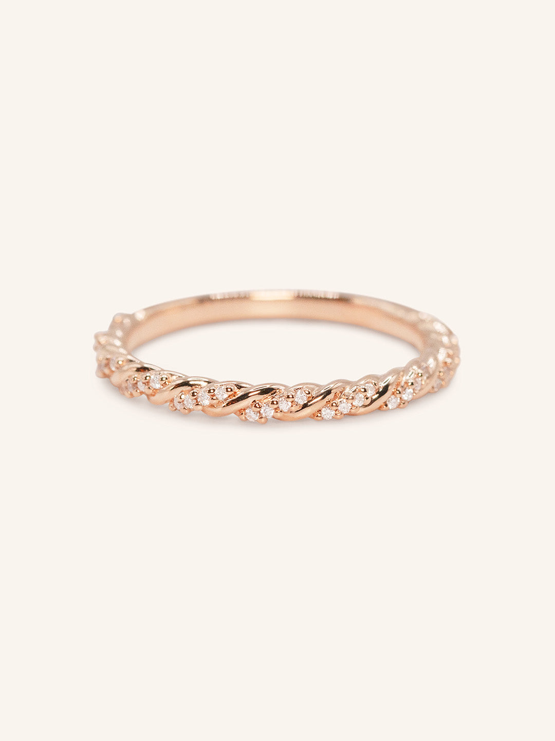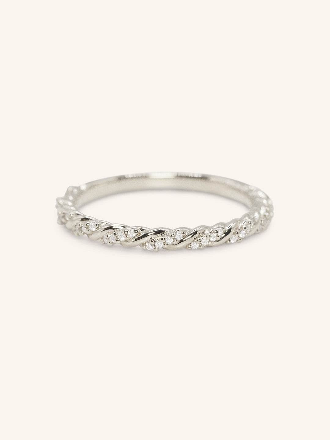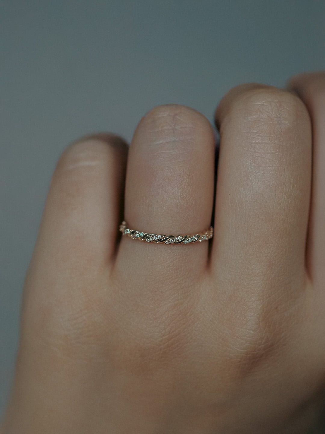 The Woven Diamond Wedding Band showcases an elegant, braided design, symbolizing the beautiful intertwining of two lives. Crafted from 14k gold and adorned with pavé-set diamonds, this band offers a touch of sparkle and sophistication. Its intricate woven pattern makes it a perfect companion to the pavé twisted anniversary band, creating a timeless and harmonious set for your most cherished moments.
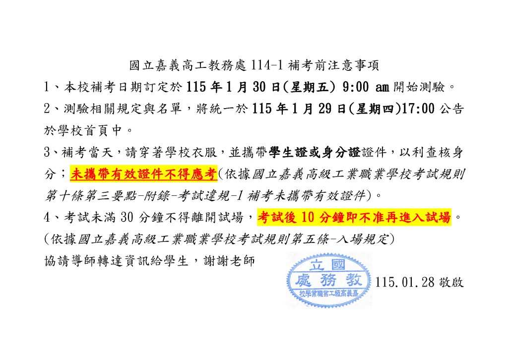 公告教務處114學年第一學期補考事前注意事項Post author:教務處Post published:2026-01-28Post category:教務處 / 教務處公告 / 校務行政 / 訊息公告補考前注意事項溫馨提醒,再請有參加本次補考同學留意,祝福各位同學,補考應試順利!考試規則,請參閱如下:嘉義高工考試規則-1141216訂定下載 Post Views: 1,223
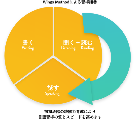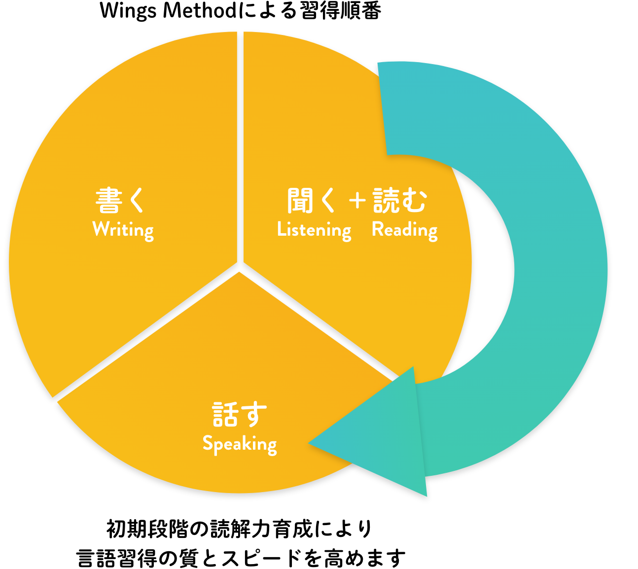 Wings Global Homeに通うこども達の圧倒的な英語コミュニケーション力は、まさにこのWings Methodを中心につくりあげられるのです。
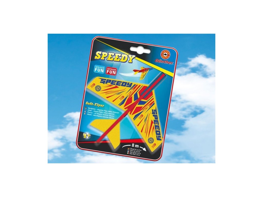 Speedy je vrhací kluzák navržený pro maximální zábavu i bezpečnost. Díky svému unikátnímu aerodynamickému tvaru zvládá jak klouzavé lety na dlouhé vzdálenosti, tak vzrušující smyčky a akrobatické triky. Vhodný pro děti už od 4 let a skvělý i pro dospělé, kteří se nebojí vrátit do dětských let!
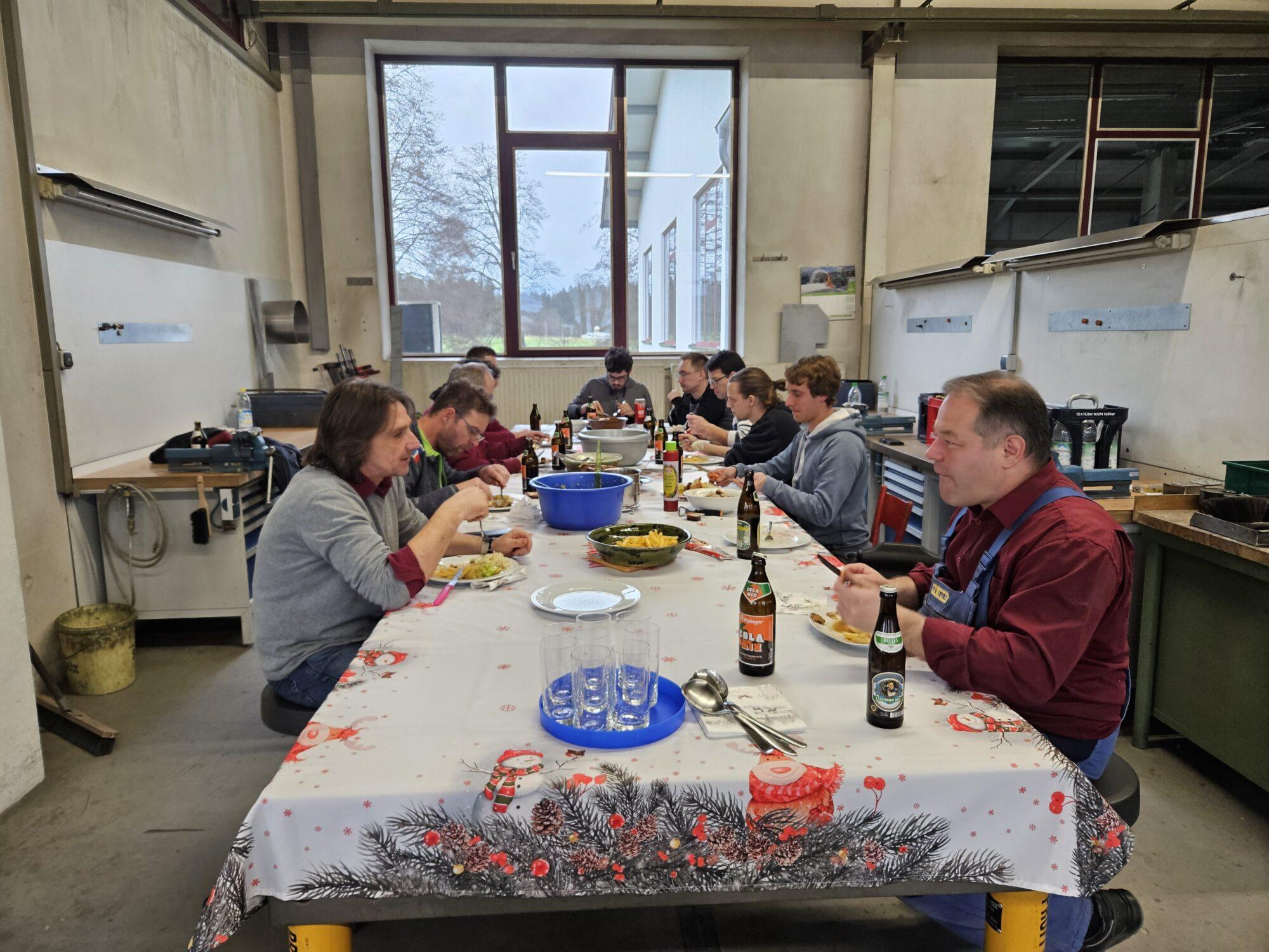 Am letzten Arbeitstag vor unserem Betriebsurlaub – nach dem großen Putzen – wird das Team vom Chef immer noch lecker bekocht und zusammen lassen wir den Tag ausklingen und freuen uns auf die Weihnachtszeit.
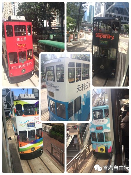 到了湾仔地铁站附近,我看到了叮叮车的站牌,刚好有一辆停下了,我就赶紧上了车,走到2层找了座位坐下来,想感受一下慢下来的香港。后来发现也不慢嘛,迎面开过来的好几辆叮叮车都拍糊了,有好几辆只拍到了车屁股,但是都好可爱啊,像穿着不同花色衣服的小矮人~一路看到自己过去几天走过的地方,还是很感慨的~
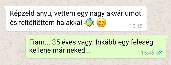 (12) Az édesanya az akváriumban úszkáló díszhalak helyett inkább már az unokákat szeretné látni fel-alá rohangálni.
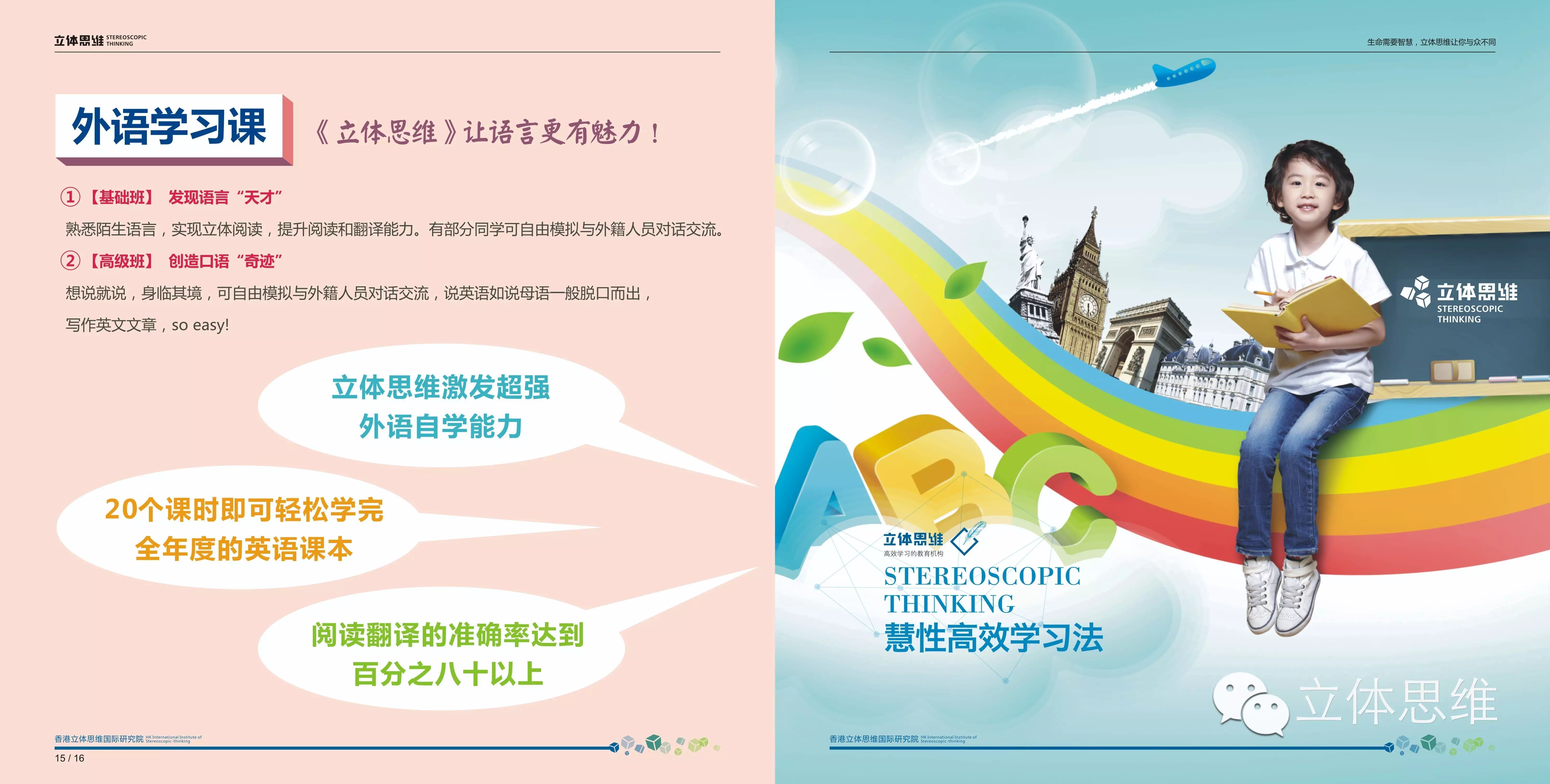 由平面思维模式转换成具有声音、图像、文字的立体思维模式(如看电视一样)。教育专家通过大量的实践表明,孩子通过科学的立体思维训练,构思文章更精妙,作文在原有的基础上平均提高10分,无需大量阅读,孩子能下笔成文,各种题材作文一气呵成,60%以上的学生能写出韵味十足的古诗词。
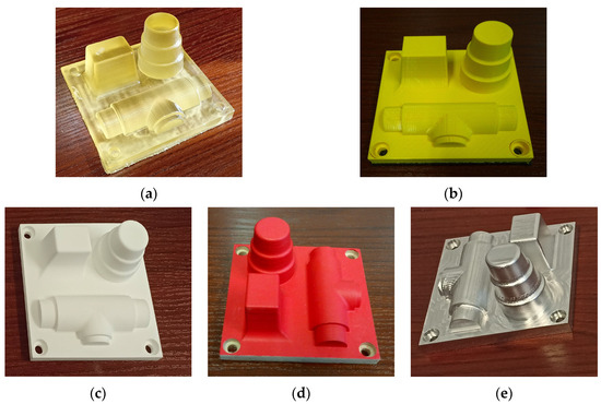 View of the evaluated samples: (a) PJM, (b) FDM, (c) SLS, (d) wood, (e) aluminum.

+--

What you will do
Pictures stay out of the copy. Reproduce exactly the lines from the one containing "到了湾仔地铁站附近,我看到了" through the last line of the records above, both included.

Task solution
 到了湾仔地铁站附近,我看到了叮叮车的站牌,刚好有一辆停下了,我就赶紧上了车,走到2层找了座位坐下来,想感受一下慢下来的香港。后来发现也不慢嘛,迎面开过来的好几辆叮叮车都拍糊了,有好几辆只拍到了车屁股,但是都好可爱啊,像穿着不同花色衣服的小矮人~一路看到自己过去几天走过的地方,还是很感慨的~
 (12) Az édesanya az akváriumban úszkáló díszhalak helyett inkább már az unokákat szeretné látni fel-alá rohangálni.
 由平面思维模式转换成具有声音、图像、文字的立体思维模式(如看电视一样)。教育专家通过大量的实践表明,孩子通过科学的立体思维训练,构思文章更精妙,作文在原有的基础上平均提高10分,无需大量阅读,孩子能下笔成文,各种题材作文一气呵成,60%以上的学生能写出韵味十足的古诗词。
 View of the evaluated samples: (a) PJM, (b) FDM, (c) SLS, (d) wood, (e) aluminum.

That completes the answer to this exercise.